The tech\corporate\spy world is moving so fast that we need experimentation at
smaller scales to discover the right types of privacy and information law.
Implementation of "right to be forgotten" on a small scale might have helped
find a better implementation before being rolled out at a broad scale.
Delegating law making to states lets this experimentation and evolution
happen. You can add you own start-up metaphor.

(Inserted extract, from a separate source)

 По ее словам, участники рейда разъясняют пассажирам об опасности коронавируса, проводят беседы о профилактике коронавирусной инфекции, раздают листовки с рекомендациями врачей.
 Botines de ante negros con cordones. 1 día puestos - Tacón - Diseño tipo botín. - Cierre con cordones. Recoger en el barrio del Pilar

If I look at the US, the federal level seems to be a quagmire and prevent
progress (health, education, guns) compared to the rest of the world. However,
when states set law independently, the rate of change seems much faster (gay
marriage, drug laws). I can't see the US minting a new citizen right at the
expense of corporations at the federal level - this is tragic. However, it
might if states led the way first.

"Business friendly" and "protectionism" read like talking points from a
corporate PR machine. I see the EU pursuing citizen's rights for the modern
world when the US is stagnant / regressing.

------
Animats
From the actual ruling: _" Weltimmo, a company registered in Slovakia, runs a
property dealing website concerning Hungarian properties. For that purpose, it
processes the personal data of the advertisers. The advertisements are free of
charge for one month but thereafter a fee is payable. Many advertisers sent a
request by e-mail for the deletion of both their advertisements and their
personal data as from that period. However, Weltimmo did not delete those data
and charged the interested parties for the price of its services. As the
amounts charged were not paid, Weltimmo forwarded the personal data of the
advertisers concerned to debt collection agencies._" In other words, a typical
slimeball-type refusal-to-cancel scam.

This was an action which fell under the European Privacy Directive, which is
EC-wide but implemented by different laws in different countries. All
countries involved are EC countries.

This sort of thing comes up all the time in the US, where courts have to deal
with companies from another state.

------
mtgx
We can only hope. It wouldn't be a very good or strong law if it _didn 't_
impact Facebook or Google in a significant way, considering all the freedoms
the companies as well as the US government have taken with Europeans' data
lately.